And I love what Kristi's done with her set. We kind of all call it our set. You guys, you've all seen it, got the-- I change it. (softly chuckles) Oh, you've changed it? And it'll probably be changed again, but-- Okay, well, that's even more fun. 'Cause I'm at home, that's what I do.

Exactly, and we do like to change things around. I had to change this room around this morning. But okay, okay, so now we've got a new live location. In your home, I'm in my home, I can't go to my studio, we can't go to the filming studio. Logistics, okay, we're learning new technology, sure, and on the quick, guys, right?

Really fast, I mean, lots of new learning in a very short amount of time because we have a product that we have to put out and we've got classes. So we had to, you know the phrase of pivot turn, yes, has been happening-- And each and every one of you became competition, I'm just kidding. (softly laughs) But everyone went live in the same way and we're not used to, sorry, Amy, I didn't mean to cut you off. You're fine, Kristi, keep going. We're used to working with each other, you know? Now we're working with Zoom, and we're hoping Zoom, hoping Zoom, hoping Zoom works.

And figuring out each time it changes. So I know that's no different for anyone else but that was exactly what was happening for us. It was hard, it is hard. Yeah, yeah, and I think it is hard. There are challenges and I think everyone that's been doing their own Zooms, the phrase, and the two words that keep coming out of my mouth talking about the world and the state of things right now are uncertainty and unpredictability.

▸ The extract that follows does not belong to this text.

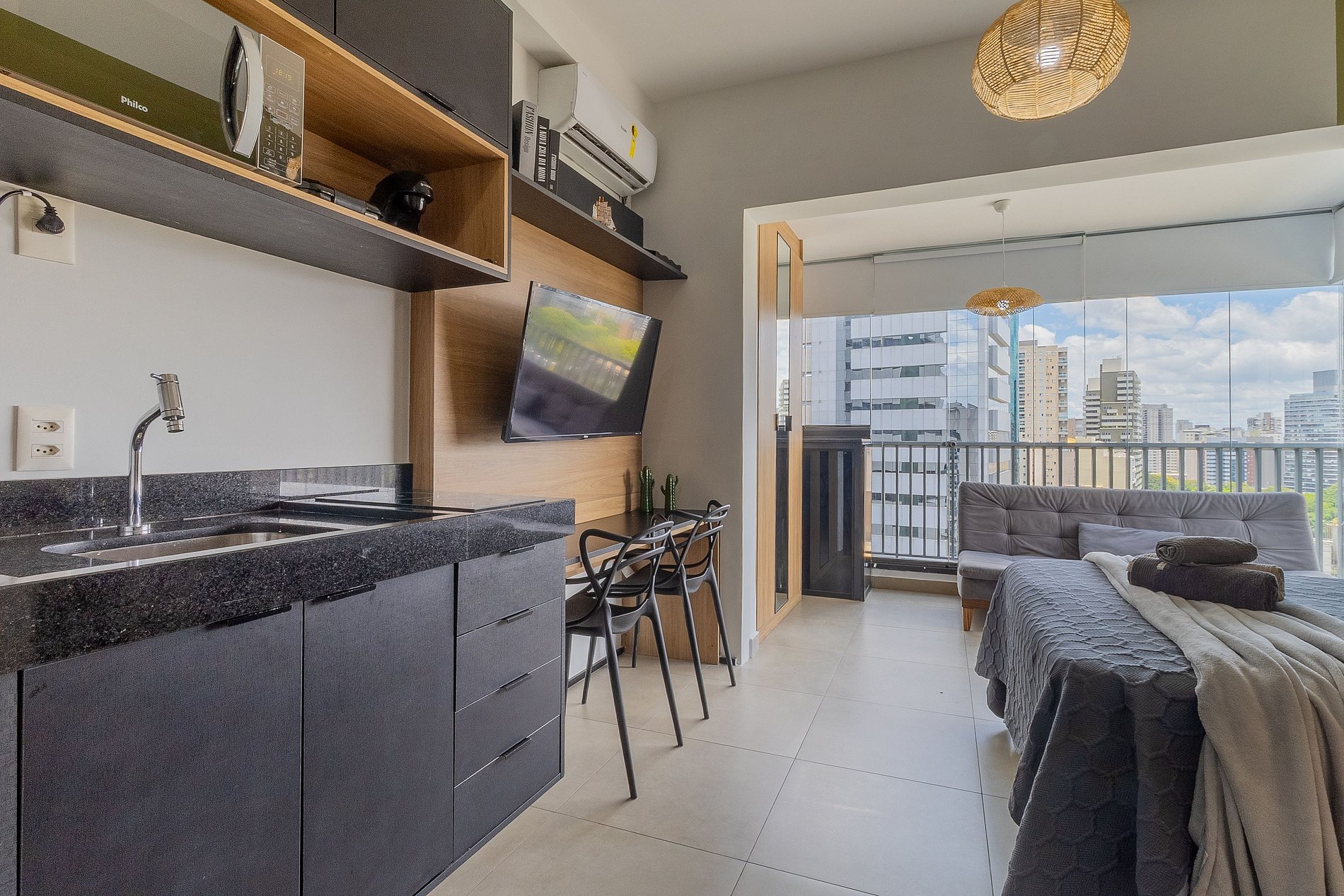 Con una decoración contemporánea, el ambiente combina funcionalidad y estilo, siendo ideal tanto para estancias cortas como largas. Nuestro estudio ofrece todo el apoyo necesario para que vivas días inolvidables en Liberdade, São Paulo, en la Rua Doutor João Morais 35, una de las zonas más exclusivas de la ciudad.
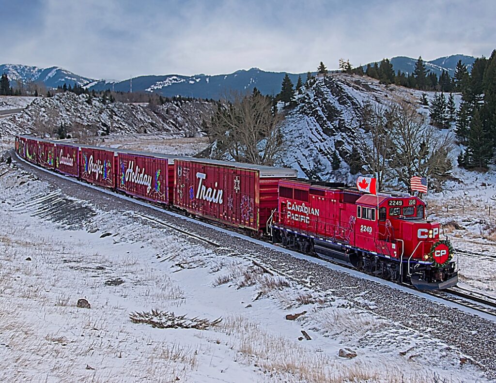 CP’s Holiday train approaches Frank, AB, on a cool, mostly overcast December day. It was an all-day chase from Lethbridge to Sparwood, BC, with stops along the way to enjoy the show in the various towns.

Everyday, within a given day, there's uncertainty, on so many levels, and unpredictability on so many levels, with logistics just with the technology, sure. This could blow out any second. We all know that, and be like, "Whoops, internet went down." Hopefully not, we've safeguarded ourself to get new connections and taken, we're being responsible to help set things up, and of course we learned how to do that. But such as it is, there could be something happen and it can go out. So, talk about (softly chuckles) living in the moment.

But we're in the moment now, I'm really enjoying this. And it may not, hopefully, it's gonna last for the next half hour, but what if it doesn't? But I mean I think that's something that I remember hearing you talk about recently when we were planning this discussion, is about the being in the present. So, let's get, I'm gonna go in, Kristi, a little bit more now, now just leaning in physically like that, but I want to be a little over on you here. (softly chuckling) Okay.

What do you know? What do I know? What do you know? I know that being with people, no matter how you get to do it, is so important. And I know that the effort that you might spend in recording something is nowhere near as good as actually being there while it's being recorded.

In other words, I've spent most of my last 10 years going, "I don't know, can you hear, can you see it?" Instead, it's more like that's just what's happening right now. And I feel like a life, I think it was Eleanor Roosevelt, "A life worth living is a life worth recording." But I think you have to be there. It's not just showing it back. What I know is that... Lots of things, for one, I can still teach.

For two, it's way more intimate this way. And this is not a knock against our side or any other, but I don't get to pause, I don't get to procrastinate. I don't get to, if you show up for me, you bet I'm gonna show up for you. And that has just sort of brought me back to my own personal responsibility and accountability for what I know I love to do, and just do it. If you don't like it, that's fine.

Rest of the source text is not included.